Currently, the Solana validators are being slowed down, according to George Harrap, co-founder of Step Finance — a Solana portfolio manager — because bots are spamming NFT mint and arbitrage transactions. These have immense bandwidth requirements, so a significant number has an impact.
“Solana is not a centralized entity with one person who can make decisions. It’s up to the 1700+ validators to decide what to do. Many of them are implementing fixes and reaching consensus on what is to be done in the best interests of the network,” Harrap told Cointelegraph. He said:
“According to Nansen research, there are often 10-times more transactions on Solana than Ethereum. This means Solana is dealing with demands not faced by other blockchains and this is new territory. So, hiccups are expected.”
While Ethereum’s OpenSea has been one of the most well-known NFT marketplaces thus far, Metaplex, built on the Solana network, is gradually gaining traction and allowing users to mint and sell NFTs on the Solana blockchain.

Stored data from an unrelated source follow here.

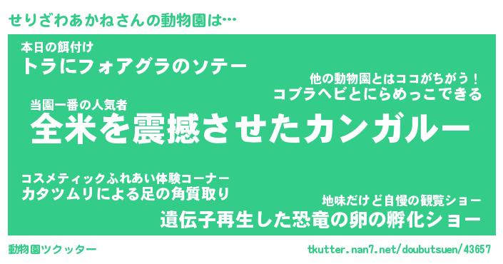 | 胡散臭い通販商品みたいなあだ名 | 『億万長者になれるブレスレット…その名も「せりざわあかね」』 |
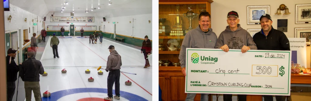 December 13 at the Ormstown Curling Centre (Ormstown, QC) – 70 participants had the opportunity to learn or perfect their curling techniques in a friendly, sporting atmosphere. After the effort, a comforting meal of chilli was served to round off the day in style. On this occasion, Uniag Coopérative was pleased to present a cheque for $500 to the Ormstown Curling Club, in support of their efforts to promote the sport in the region.
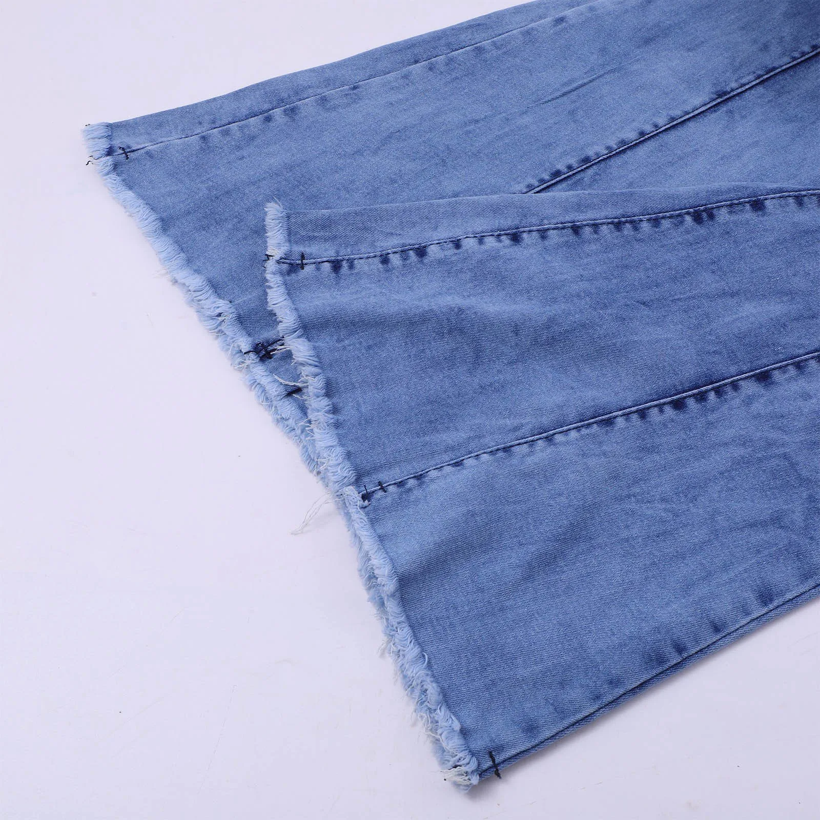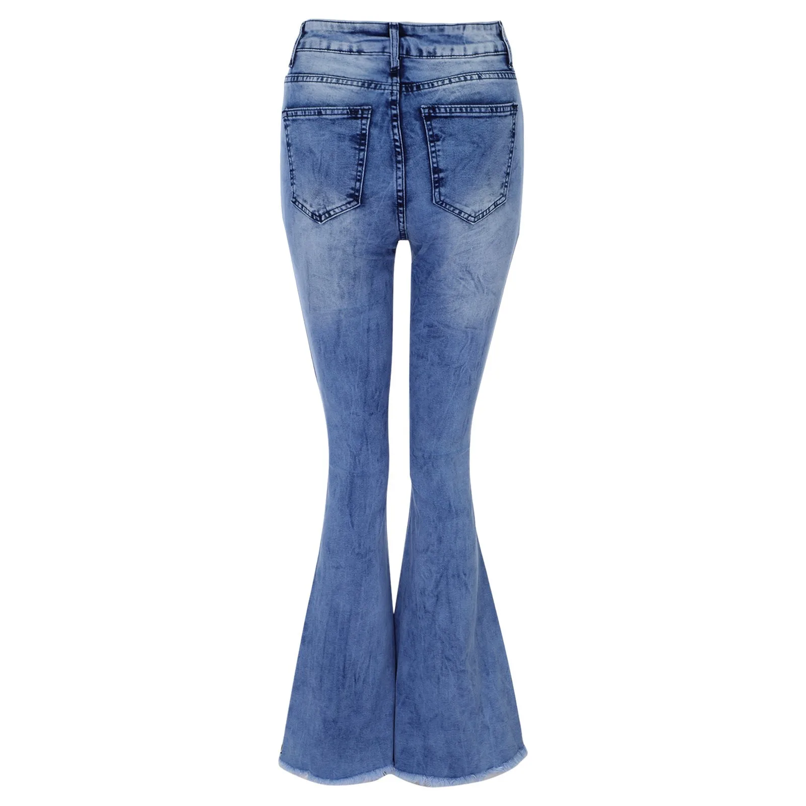 Women’S Jeans Stretch High Waist Frayed Denim Flare Pants Girl Denim Pants Flared Casual Pants
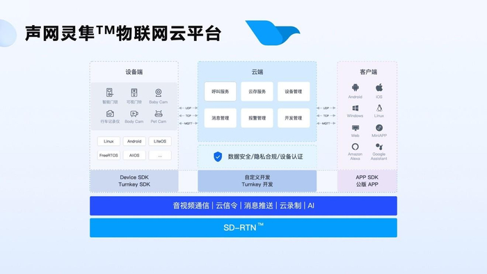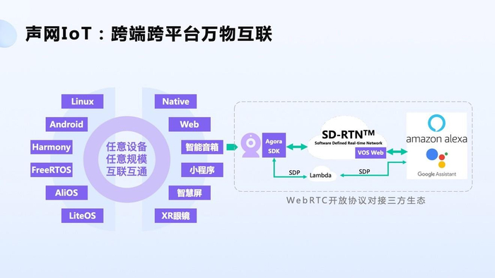 事实上,声网目前已经是一个在RTC领域覆盖终端和场景最全的行业玩家,在IoT赛道发展过程中,也在不断地打破平台的限制,做到真正跨终端、跨平台的全面互通和万物互联。从主流的Android系统到Linux系统,甚至像Harmony、FreeRTOS、AilOS等小平台都做了全面覆盖和深度适配。今年声网也丰富了设备以及不同媒体形式和Native、Web、小程序的互通。以海外智能音响为例,通过Web RTC开放协议支持,落地了amazon alexa和Google assistant的互通,帮助出海和海外用户能够在智能家居场景当中,轻松和声网设备互联,这个解决方案也适用于拓展任意标准Web RTC的开放平台。
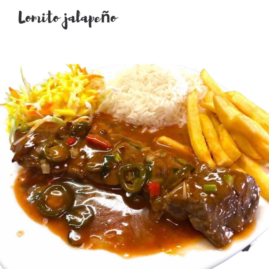 Lomito a la plancha bañado de salsa tomate con chile jalapeño.
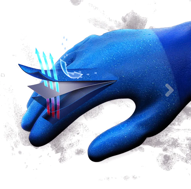 Den använder två mikroventilerade membran för att hålla händerna torra och skyddade.
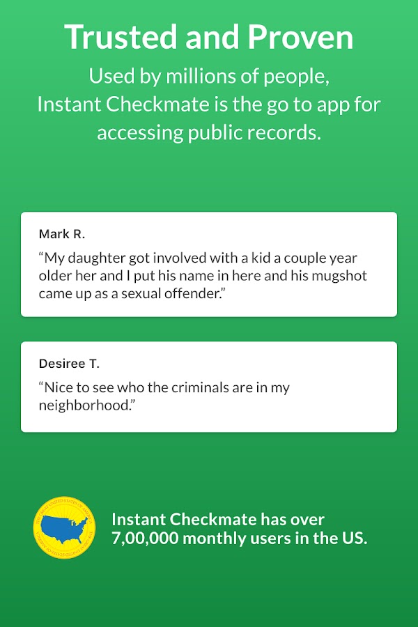 Быстро проверяйте людей на ходу с помощью приложения для проверки биографических данных Instant Checkmate. Законен ли онлайн-продавец? Стоит ли вам встретиться лицом к лицу с онлайн-матчем? Узнавайте больше почти обо всех — от знакомых вам людей до незнакомых. Посмотрите сами, чтобы узнать, что о вас «известно»!
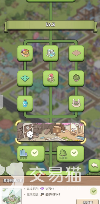 玩家们在地图等级等级到4级的时候就可以在右下角找到熊猫的图标了,点击图标后进入眼帘的是一个破破烂烂的小房子,房子内部需要玩家们完成一些任务,获取资源后进行翻新整改的,还需要在熊猫院子中解锁建筑,种植竹笋,但是前提是需要解锁【熊猫之家】,建造完成后会给玩家一些装饰材料和紫色水晶!
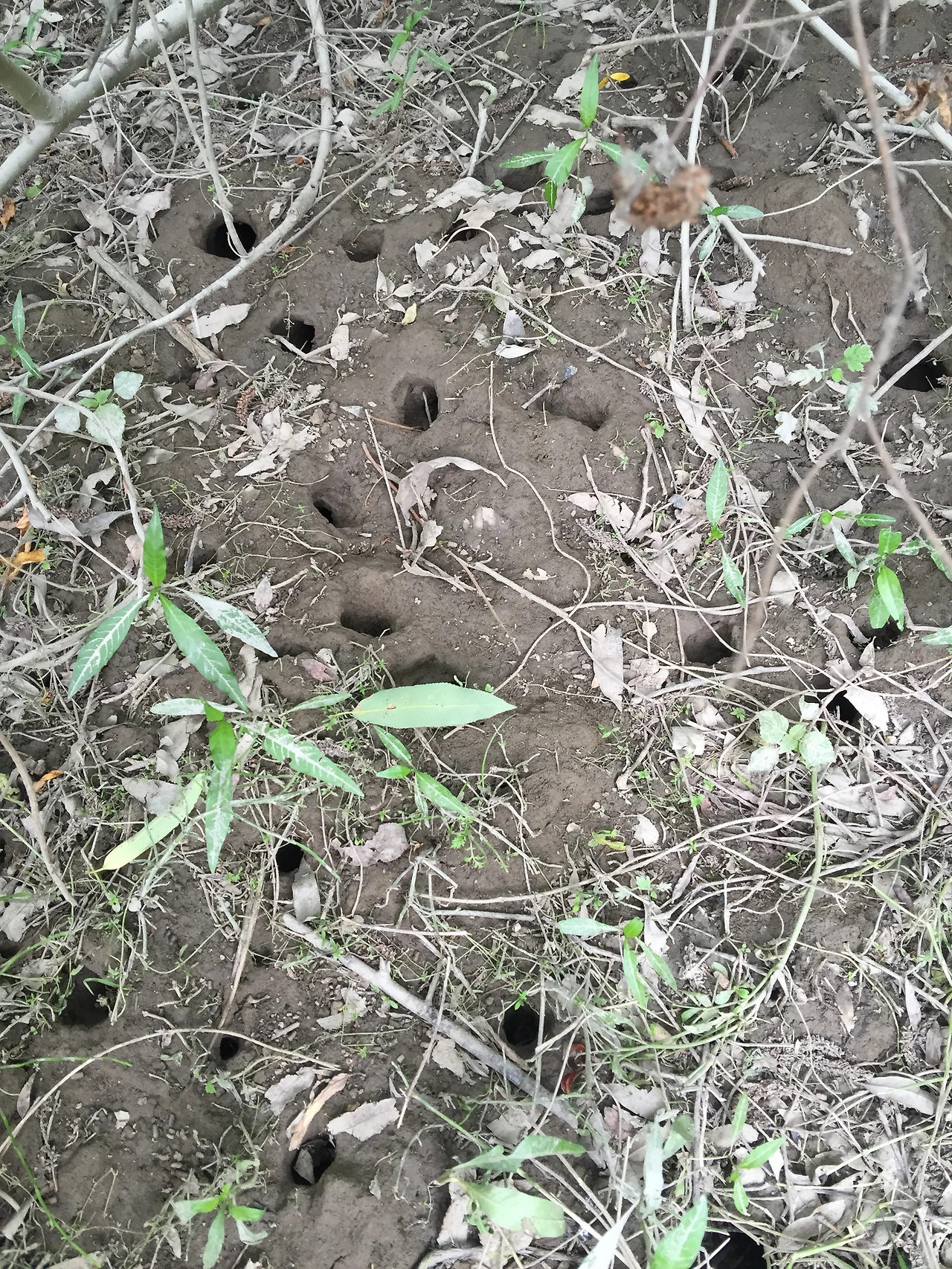 하지만 땅으로 고개를 돌리면, 선명한 고라니 발짜국이 눈에 찍힌다. 깊이와 모양으로 추측하건데, 푹하고 체중이 실렸다. 달린 흔적인데 어디까지 가다 버드나무 숲 속으로 쏙 들어간 것일까? 따라가 보고 싶지만, 한두 마리 자국이 아니다. '아, 그러니까 바로 근처에 야생이 있었네' 하며 쪼그리고 앉는 순간, 이곳이 습지, 갯벌이란 사실을 다시 실감한다.
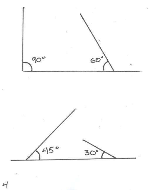 Page 4 : tracer deux lignes horizontales ; rapporter un angle à 90° et un autre à 60° sur la première ligne ; rapporter un angle à 45° et un autre à 30° sur la deuxième ligne.
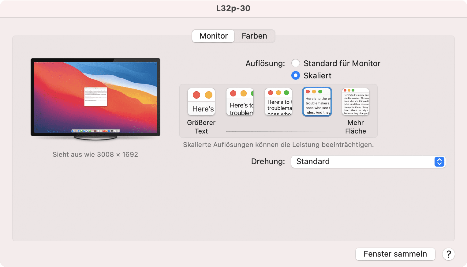 Bei macOS liegt eine angenehme Schriftgröße bei der virtuellen Auflösung von 3008 x 1692.
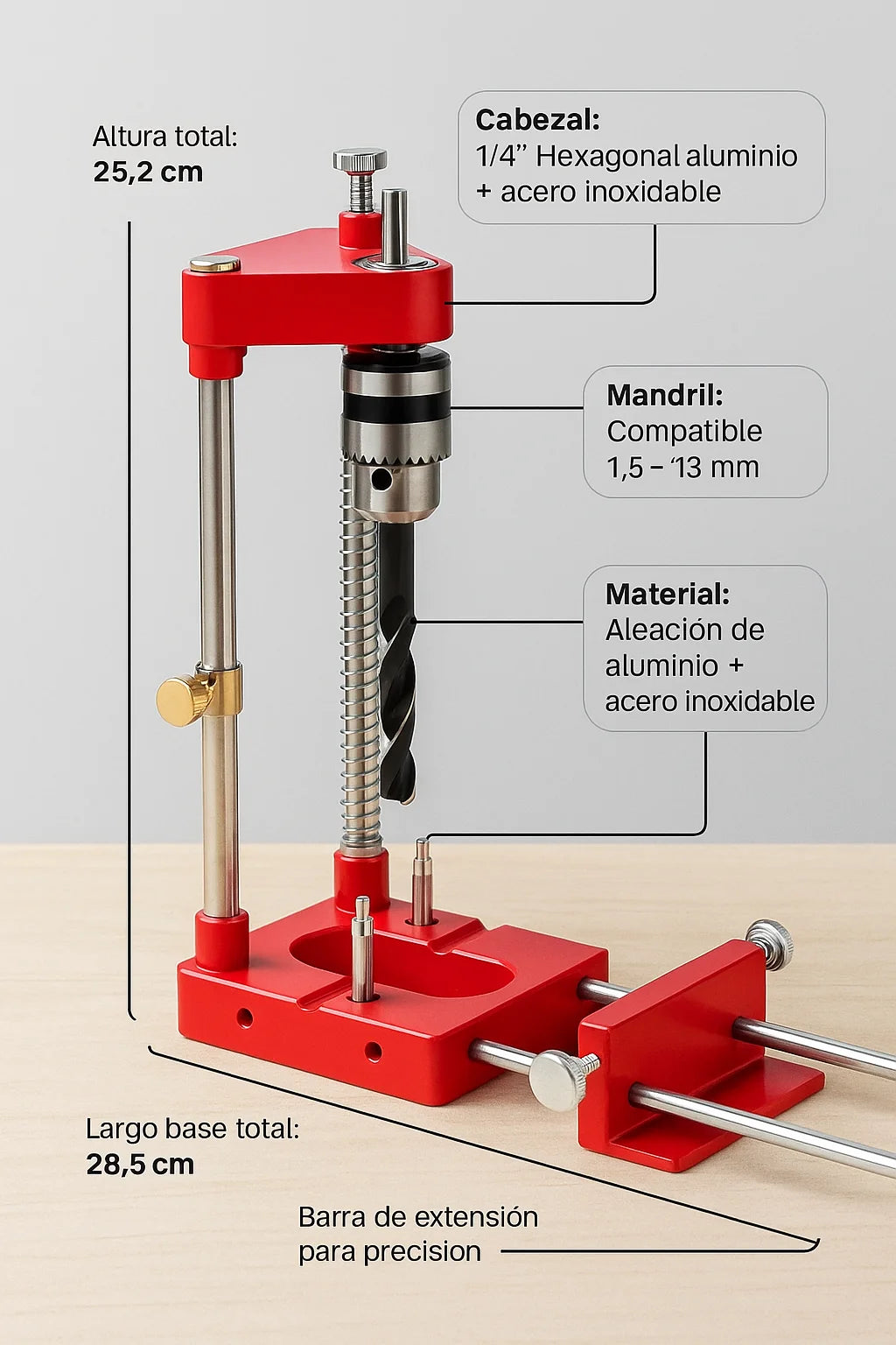 No. Solo debes fijar tu taladro y ajustar la base. No requiere accesorios adicionales.

Given the recent marketplace issue and Solana’s persistent blackouts, however, it would not be surprising if some users begin to reconsider.
Harrap added that “there are currently some validator node updates in the pipeline and under research to fix this. This is mainly in the form of new communication protocols between nodes (like QUIC) and changes to the Candy Machine contract used by NFT minters where failed transactions incur a fee.”
Solana seeks to address the blockchain trilemma
Solana went fully operational two years ago. The network is considered to be one of the Ethereum killers by the crypto community. These Ethereum killers are networks that aim to outperform the Ethereum blockchain in terms of adoption by addressing some issues that have arisen as a result of the Ethereum blockchain’s current heavy reliance on the proof-of-work (PoW) consensus mechanism.
Solana was designed with the blockchain trilemma in mind, a concept proposed by Vitalik Buterin, a Canadian-Russian programmer and co-founder of Ethereum.
According to the blockchain trilemma, while decentralization, security and scalability are the three main features of a successful blockchain, a typical blockchain would only be able to provide two of them while sacrificing one.
The Solana network aims to address this by incorporating a proof-of-history (PoH) mechanism into a proof-of-stake (PoS) blockchain. With PoH, the network delegates a central node to determine a transaction time that the entire network can agree on. This speeds up transactions, but it sacrifices decentralization, which is a key feature of a blockchain.
According to Hisham Khan, founder and CEO of Aldrin, users have turned to layer 2s and other layer 1s like Avalanche as well as temporary solutions to Ethereum. But, it doesn’t really solve the current scalability issues, transaction costs and speed. He told Cointelegraph:
“If you look at the transactions per second, Solana ranks consistently in the top five. To gauge how promising an ecosystem is, look at the number of developers. Unsurprisingly, Solana continues to grow with the most developers joining.”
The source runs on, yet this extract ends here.